1. Introduction

In the background of the rapid development of the Internet and big data technology, recommendation systems, serving as an important bridge connecting users with products, have been widely applied in various online platforms. From e-commerce to streaming platforms, recommendation systems not only enhance user experience but also greatly boost product sales. Especially in the film industry, the role of film recommendation systems is more prominent. With the continuous increase in global film output and the diversification of viewing needs, it is becoming increasingly difficult for users to find movies that suit their taste among the vast amount of information. Film recommendation systems provide personalized recommendations from a vast movie library to help users find suitable viewing choices within a short time, thus enriching their viewing experience.
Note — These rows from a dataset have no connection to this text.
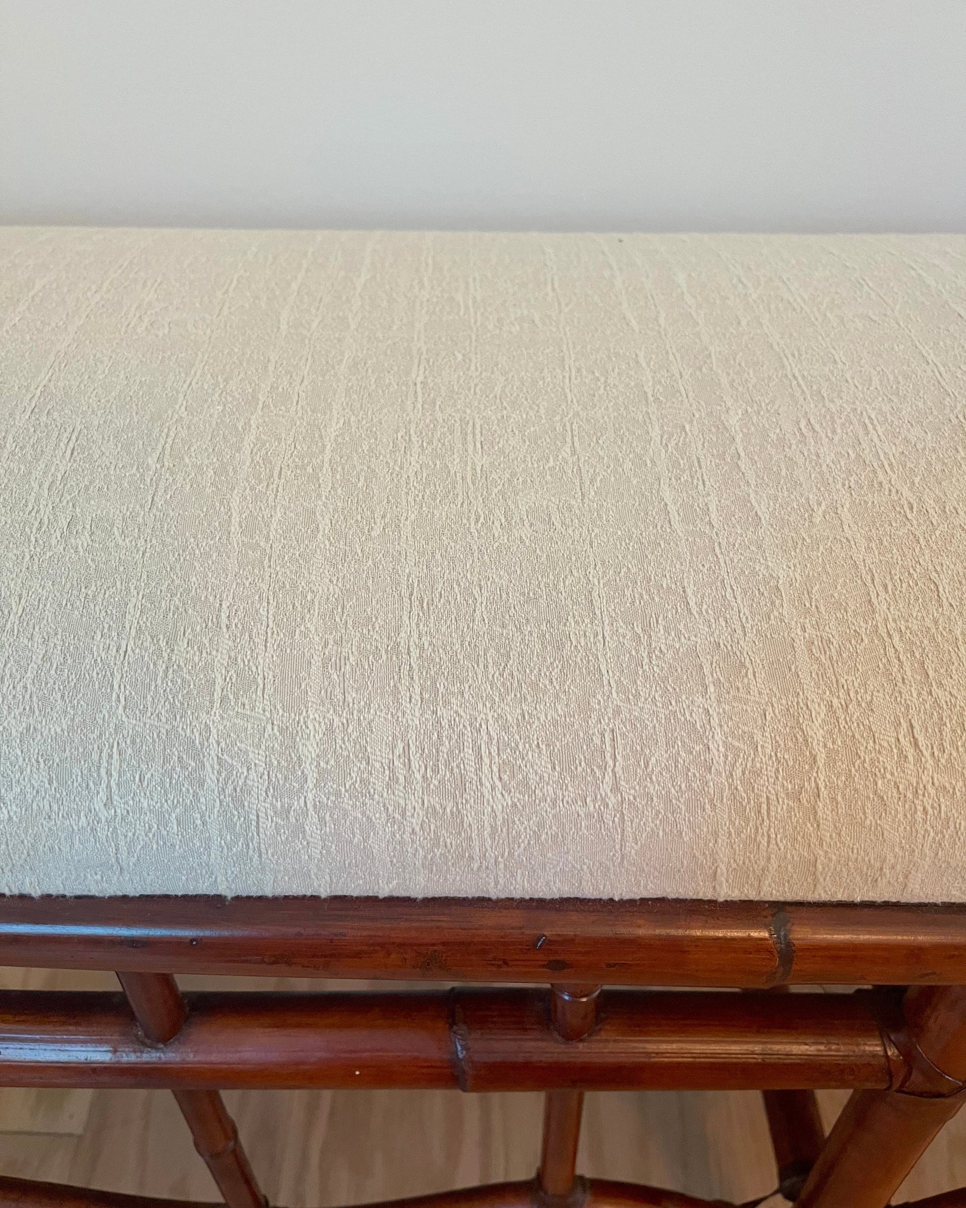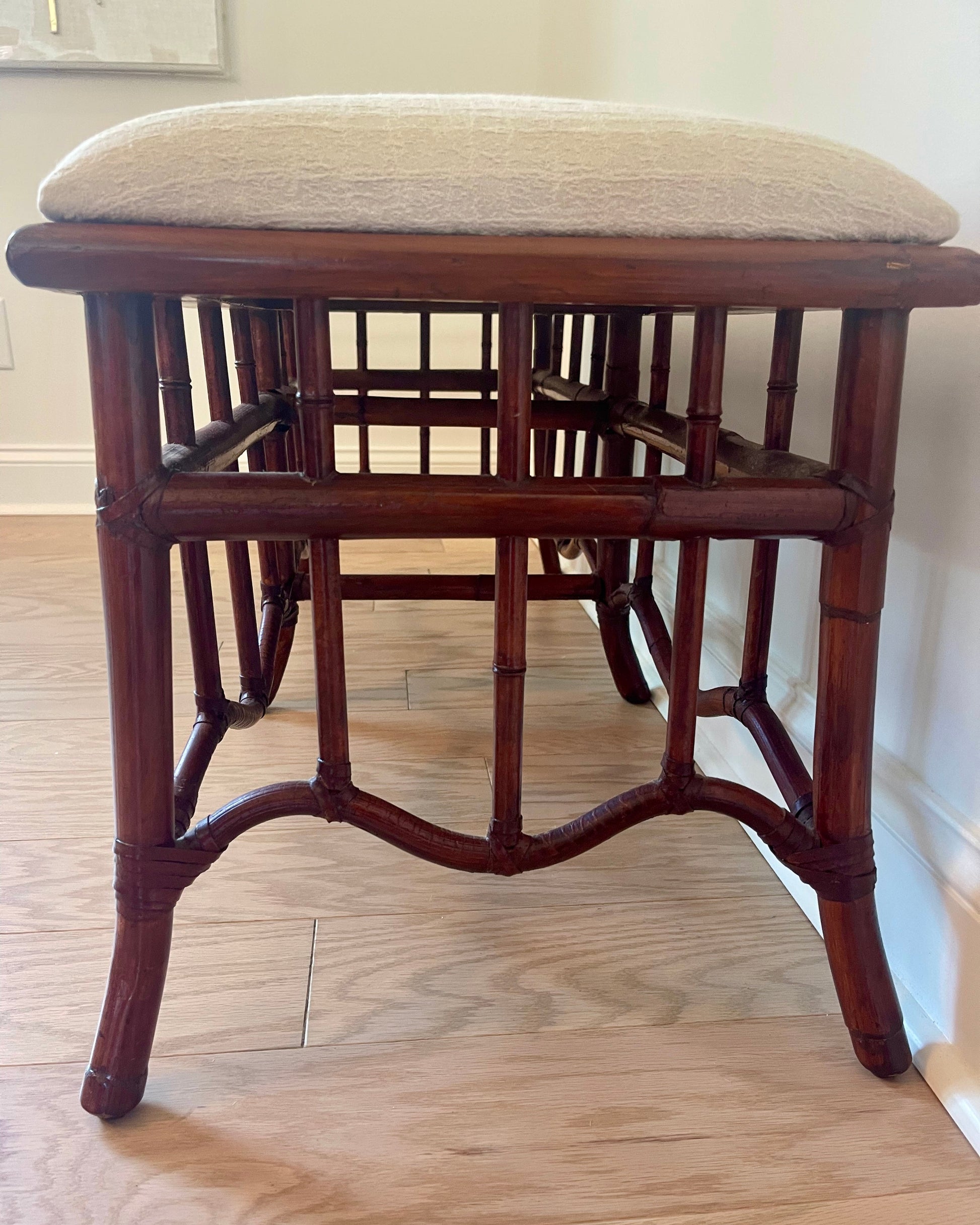 This McGuire style bamboo bench is the perfect piece for just about any room in your house! The top of the bench is currently covered in white fabric but you could easily recover yourself. 43.5Wx16Dx18H
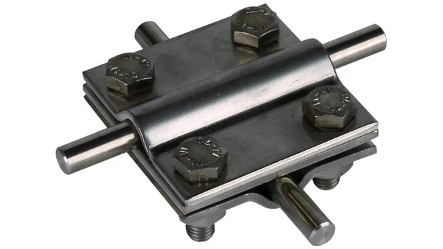 Cross unit according to EN 62561-1, for aboveground and underground connection of round and flat conductors. Type with intermediate plate, with M8 screws.
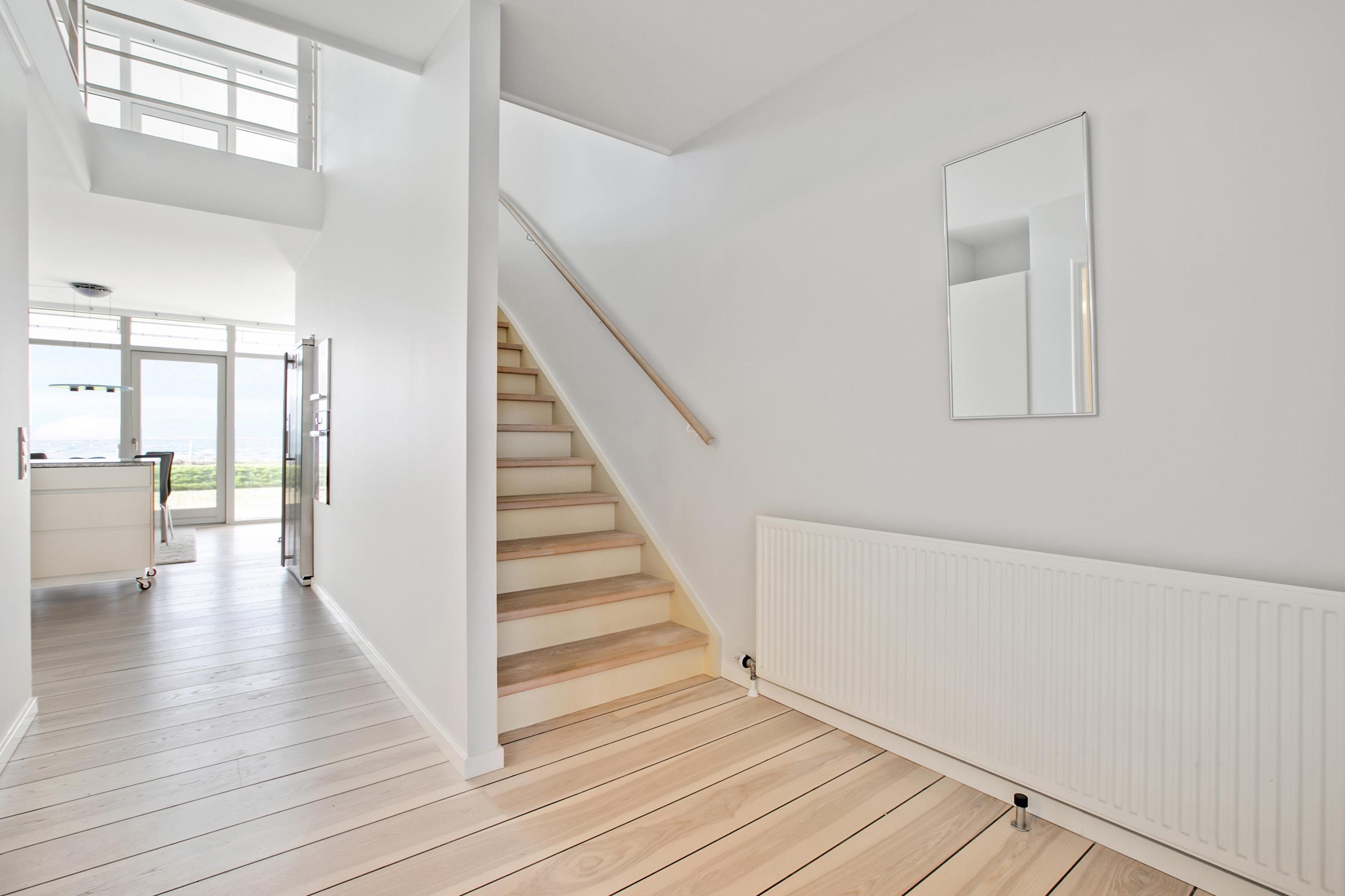 Vom Eingangsbereich aus kommt man in die gut ausgestattete, stilsichere Küche in offener Verbindung zum hellen und gut möblierten Esszimmer mit wandhängendem Kaminofen, Essplatz für vier Personen und Ausgang auf die Terrasse. Die Küche ist mit Glaskeramik-Kochfeld, Backofen, großer Kühl-/Gefrierkombination, Geschirrspüler und Mikrowelle ausgestattet. Im 1. Stock befindet sich ein Wohnzimmer mit Sitzecke, TV mit dänischen (inkl. TV2) und deutschen Programmen sowie Ausgang auf den schönen, überdachten Balkon. Die vier Schlafplätze verteilen sich auf ein Zimmer im Erdgeschoss mit zwei breiten Einzelbetten und ein Schlafzimmer im 1. Stock mit Doppelbett. Schickes Badezimmer mit Dusche, 1-Pers.-Whirlwanne und Sauna sowie Gäste-WC mit Dusche, Waschmaschine und Trockner. Beide Sind mit Fußbodenheizung ausgestattet. Internetzugang.
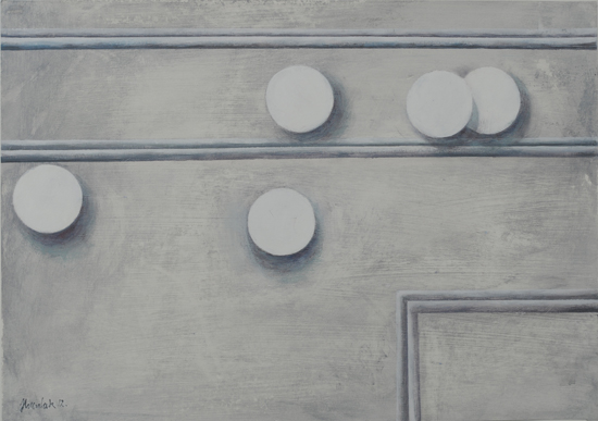Malowane w zawężonej i stonowanej gamie Hipostazy przedstawiają wąsko wykadrowane fragmenty wnętrz, sufitów i ścian. W przeciwieństwie do Hipotez posiadają konkretny pierwowzór: fotograficznie zdokumentowany, realnie istniejący fragment świata. Pod względem wizualnym fragmenty te są właściwie „naturalnie” abstrakcyjne, co pozwala obrazy traktować jako materialny, „namacalny” objaw abstrakcji. Efekt idealizacji, zatarcia granic pomiędzy fizycznym i mentalnym, dokonuje się dodatkowo za pomocą skali i kompozycji, oraz utrzymania wizualnego charakteru przedstawienia na pograniczu widzialności. Mimo że motyw za każdym razem jest realny, dzięki zastosowanej redukcji efekt pozostaje względnie abstrakcyjny, trudny do zdefiniowania, płynny interpretacyjnie, a więc również hipotetyczny. Niemożność jednoznacznego sklasyfikowania wprowadza obrazy w stan zawieszenia pomiędzy rzeczywistością i konstruktem umysłowym, sytuuje w obszarze swoistego fenomenologicznego epochē, czyniąc namacalną rzeczywistość subiektywnym i niepewnym domysłem.
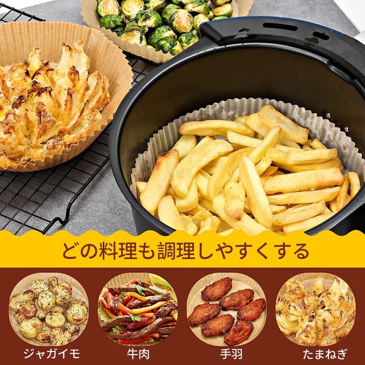 【便利さを実現した】エアフライヤーを清潔に保って、料理作る終わり、洗浄の手間がなくなった、時間と労力も節約しました。
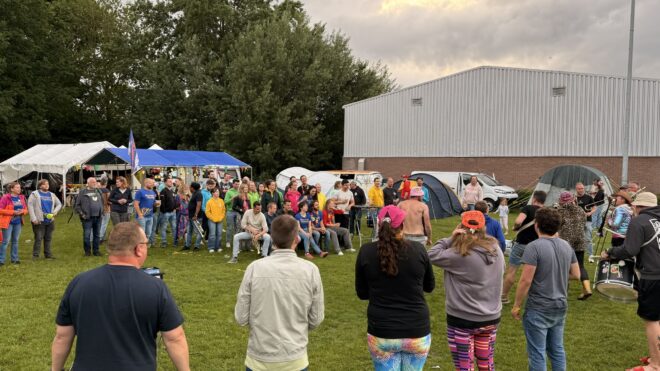 The day after. De zaterdag werd iedereen langzaam wakker onder het genot van een heerlijk gebakken eitje van onze eigen chef-kok Andre. Terwijl Alarmfase3 in het centrum ging opbouwen en de Feintsjes gingen bowlen, stond er bij ons een repetitie op de planning om nog wat puntjes op de i te zetten. Het was nog steeds droog, dus de hele show kon buiten op de camping gerepeteerd worden. Lenny moest nog snel naar Brugman Muziek in Gaanderen om de sax te repareren. Gelukkig kon dit direct verholpen worden en ze kwam zowaar terug zonder nieuw instrument. Goed dat Youri niet mee was.

However, building an efficient movie recommendation system is not an easy task. As a complex cultural product, movie recommendation involves understanding and analyzing various factors such as user preferences, emotions, and social background. Each user's taste in movies varies greatly, and accurately capturing and predicting these preferences is a major challenge in system design. Additionally, as the scale of the data grows, the movie recommendation system needs to handle massive amounts of user behavior data and movie information, requiring the system to have extremely high computing efficiency and data processing capabilities. At the same time, the diversity and novelty of movie recommendations are also a challenge, as the system not only needs to recommend movies that the user may like, but also needs to avoid over-recommending known or similar content to maintain the user's long-term interest.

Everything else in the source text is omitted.